I find it fascinating that there are still companies that have not made any moves to adopt any lean manufacturing techniques. These companies have heard of 5-S and are willing to try doing the 5-S, but as far as embracing lean, the old methods are so deeply rooted that it is almost impossible to gain any traction toward an effective lean program.

The signs are there that implementing and utilizing lean techniques would be an opportunity to reduce costs. Renting warehouse space to store over production of product and parts that are not needed, excess amounts of some raw materials, but a lack of materials needed for current production, transporting material back and forth between the main plant and satellite warehousing locations, lack of space in the main plant to effectively move product through the plant, potential backorder reports that are several pages long, as well as missing ship dates and shipping orders short.

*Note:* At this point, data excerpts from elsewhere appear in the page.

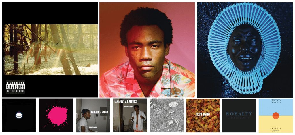 Ce side-project, c’est évidemment Childish Gambino. C’est à la fac qu’il développe également un alias electro MC D, qui plus tard se transformera en mcDJ, avec lequel il fera pléthores de remixes et de compos electros, qui le guideront probablement jusqu’à Childish Gambino. Donald Glover a toujours continué à rapper depuis la fac, mais c’est 2008 qu’il sort la mixtape Sick Boi, suivie les années suivantes par Poindexter, I Am Just A Rapper 1 & 2 et Culdesac. Cinq mixtapes qui définiront un style particulier et aiguiseront son sens du flow, de la rime, de sa personna. Son public évolue au fur et à mesure que sa notoriété d’acteur grandit aussi, et son côté nerd s’estompe assez pour faire place à un côté branché auquel il met un petit twist à chaque projet suivant. En 2011, il sort EP, porte d’entrée avant Camp, son premier album, produit en collaboration avec le compositeur de Community, Ludwig Göransson – qui depuis a définit le son du Wakanda…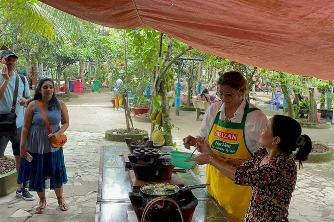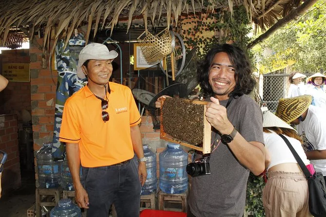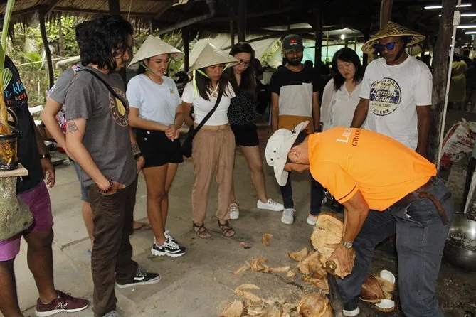 Du fährst mit Motor- und Ruderbooten durch Kanäle, probierst lokale Früchte und Honigtee, siehst traditionelle Musikdarbietungen und fährst mit Tuk Tuk oder Elektroauto durch das Dorf.
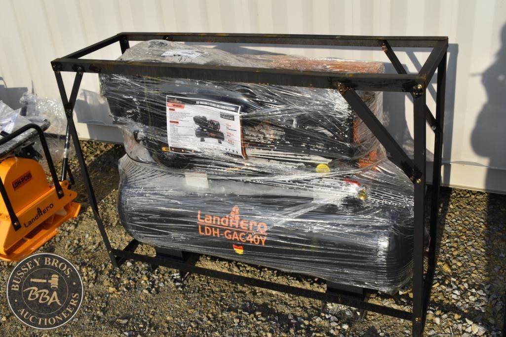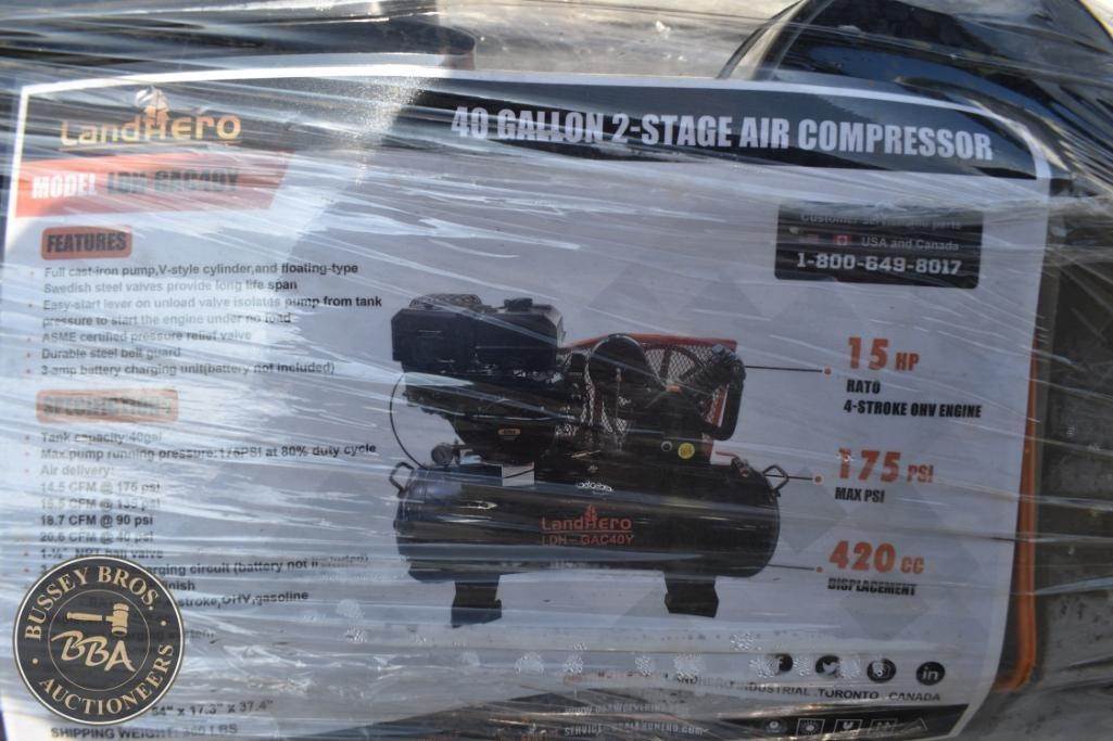LandHero LDH-GAC40Y, 2-Stage Air Compressor, 15 HP, 40 Gallons, 175 PSI, 4-Stroke OHV Engine, 420 CC, Gas Power Source, Approx. Dimensions: 55 x 20 x 44 inches (140 x 50 x 112 cm), Approx. Weight: 350 lbs (158 kg), Additional Features: Two-cylinder pump, V-style cylinder, Floating-type tank drain valve, Cast iron pump.

There are several reasons that are presented for not adopting lean. It will not work here, we are different. This is the way we have always done it. I do not understand how lean could possibly work. We spent a lot of money to get a good MRP system so we can forecast everything.

Lean is very intuitive and uncomplicated. It is common sense. For an example, let us assume your car is a factory and you are the manager of that factory. The product that you produce is miles driven. The raw material that is consumed to produce the miles is gasoline. Let us plan a trip from Minneapolis to Orlando. This is about 1,570 miles. If your car gets 20 miles per gallon, it will take 78.5 gallons of gasoline. Before you leave, the MRP system will tell you to go down to the local gas station and purchase 78.5 gallons of gas. What, you cannot do that? You do not have enough warehouse space in your factory to hold the inventory? Well, just swing by Walmart and buy some plastic gas cans so you can hold the inventory. Now you are set to make the trip! The trip to Orlando from Minneapolis is just like a long lead time order that can be forecast. It can be forecast accurately with a known amount of raw material needed.

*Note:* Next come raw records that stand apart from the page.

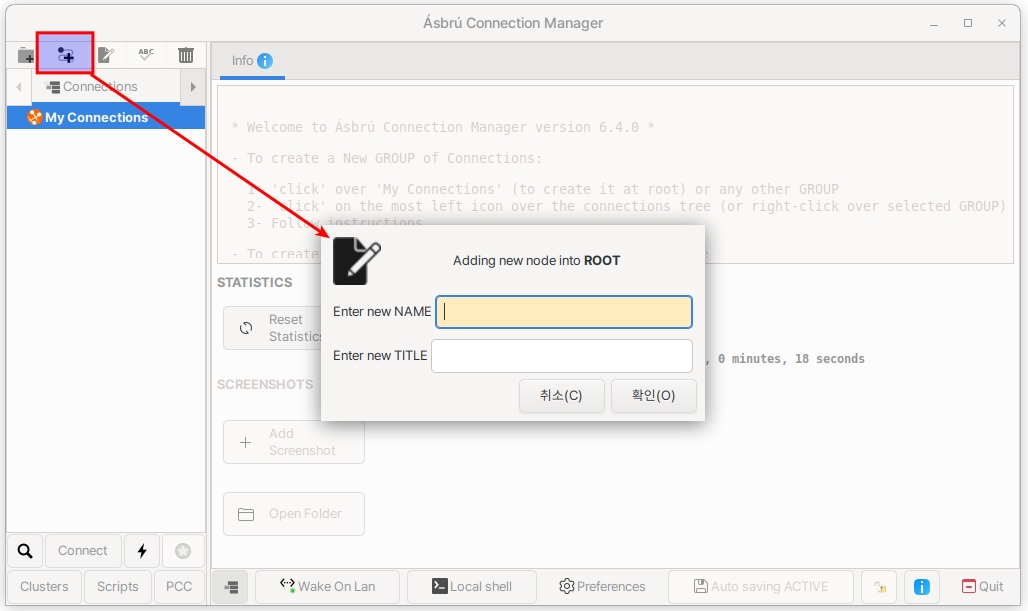 Asbru-cm의 좌측 상단위 "Add a new connection" 아이콘을 클릭을 하신 후 "Enter new Name" 입력란에 연결하실 SSH의 정보를 입력을 하고 "확인" 버튼을 클릭합니다.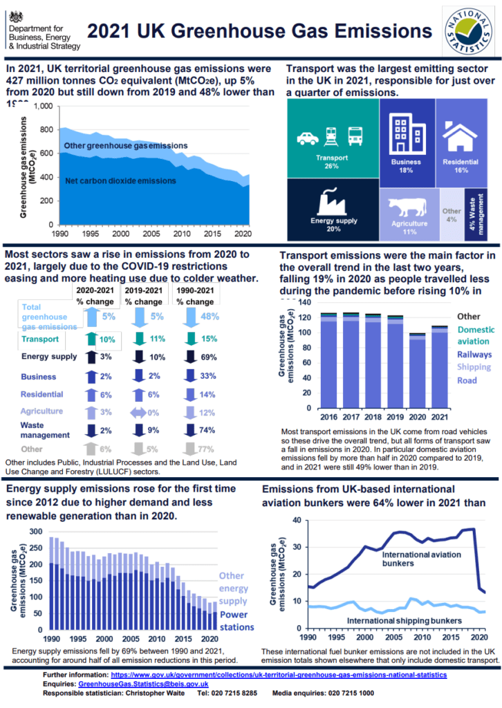 2021 UK Greenhouse Gas Emissions. Further information: www.gov.uk/government/collections/uk-territorial-greenhouse-gas-emissions-national-statistics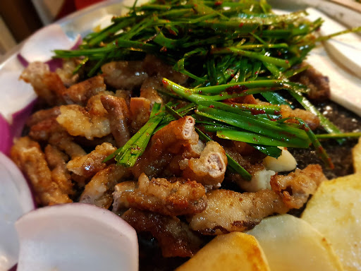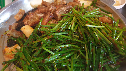 곱창 만구천원 막창 만구천원 소 잡는날만 영업을 하시는 아주 양심적인 사장님 (일반적으로 도축장은 일요일은 안하기 때문에 일요일에도 영업하는 곱창집은 별로라고 생각이 듬) 테이블이 4개고 곱창이 괜찮은 날 영업을 하시기 때문에 미리 전화로 예약을 하는것이 좋다. 곱창을 주문하지 않아도 막창이 없었기 때문에 가게에 들어서자마자 사장님께서 인원수에 맞춰 굽기 시작하신다. 구워나온 곱창은 사장님께서 돌판 위에서 잘라주신다. 바로 먹어도 되고 첫 점은 기름장과 먹어보라고 추천하신다. 곱창 기름에 부추, 양파, 마늘, 버섯을 익혀 먹는다. 곱이 가득 차 있고 마늘도 박혀있다. 구운 마늘과 구운 감자와 곱의 식감이 비슷하지만 다른 세개의 풍미가 입안에서 고루 섞인다. 소주 일잔 안하면 불법이다. 느끼하다면 마늘 장아찌나 앙념장에 있는 청양고추를 집어 먹어도 좋다. 하지만 식사 내내 입안 가득 묵직한 느끼함을 유지하고 싶을만큼 맛있다. 그리고 양파 쌈 등 바리에이션이 다양하기 때문에 지루할 틈이 없다. 결국 둘이 3인분 먹고 볶음밥 하나에 된장찌개 하나 먹었다. 볶음밥이 밍밍하다 생각이 들 수 있으나 곱 기름위에서 숟가락으로 눌러 구우면 무한으로 들어간다. 또 먹고...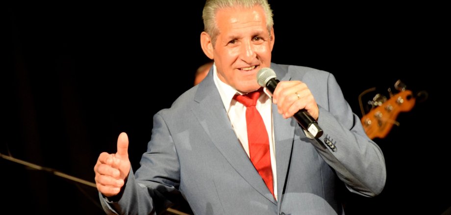 Foto: Django H. Reinhardts Stimme begeisterte beim Benefizkonzert für den Kinderschutzbund die über 300 Gäste im Großen Kursaal. Der Koblenzer Musiker freute sich über den hohen Veranstaltungserlös. Foto: Charlotte Eberwien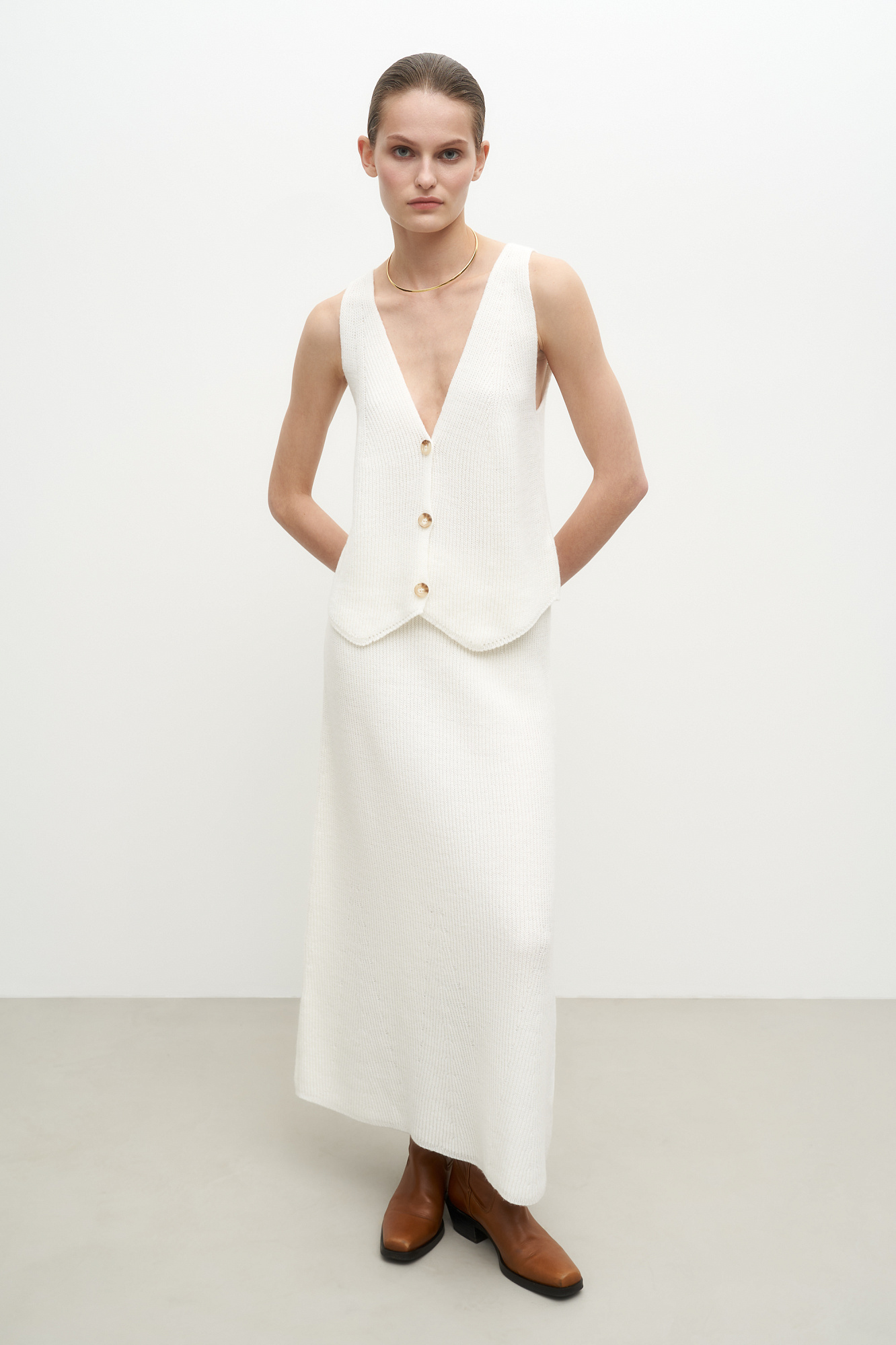 Трикотажный жилет из шерсти. Модель прямого кроя с V-образным вырезом и застежкой на пуговицы. Дополнить образ можно юбкой в таком же стиле.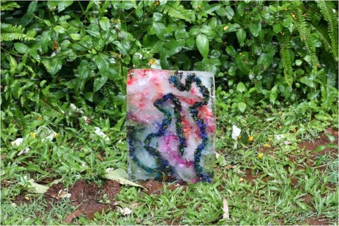 A unique way to use ice in art is by freezing objects inside it. One artist to look at is Nicole Dextras, who places vintage clothing in oversized ice blocks and creates striking photographs. She also crafts old-fashioned dresses from natural materials. Here’s a small-scale version I tried myself.

As we start our trip we head through Iowa and decide to take a short detour to see the Pike’s Peak State Park. (Yes, there really is a Pike’s Peak State Park in Iowa) There is some road construction as you head through Missouri, and you must take a detour. When you are heading through St. Louis you stop to see Arch. In Kentucky you decide to take a quick side trip to see Mammoth Cave. When you get to Tennessee, a quick trip to Nashville sounds good. Each of these little side trips and detours is like a drop in order from a customer that is not forecast. Not to worry, you filled up all the plastic gas cans so you have plenty of raw material for the trip.

Wait a minute, you only bought enough gas to make the trip from Minneapolis to Orlando. You are going to run short on raw material and you will not make it to Orlando. That is how the traditional MRP system works.

How would this trip really go? You would leave Minneapolis with some gas in your tank. It may be full, it may be half full, it really does not matter. You do not have plastic gas cans filled to help you make the trip. Instead of having more gas, you have a gas gage. When the gas gage gets down to a certain level, you re-fill your gas tank. That sounds a lot like a Kan Ban. When you get to a certain inventory level you replenish your supply. By using the gas gage (Kan Ban) you can make the trip to Orlando (forecast) and complete all the side trips (drop in orders) without running out of gasoline (raw material) without plastic gas cans (additional warehouse).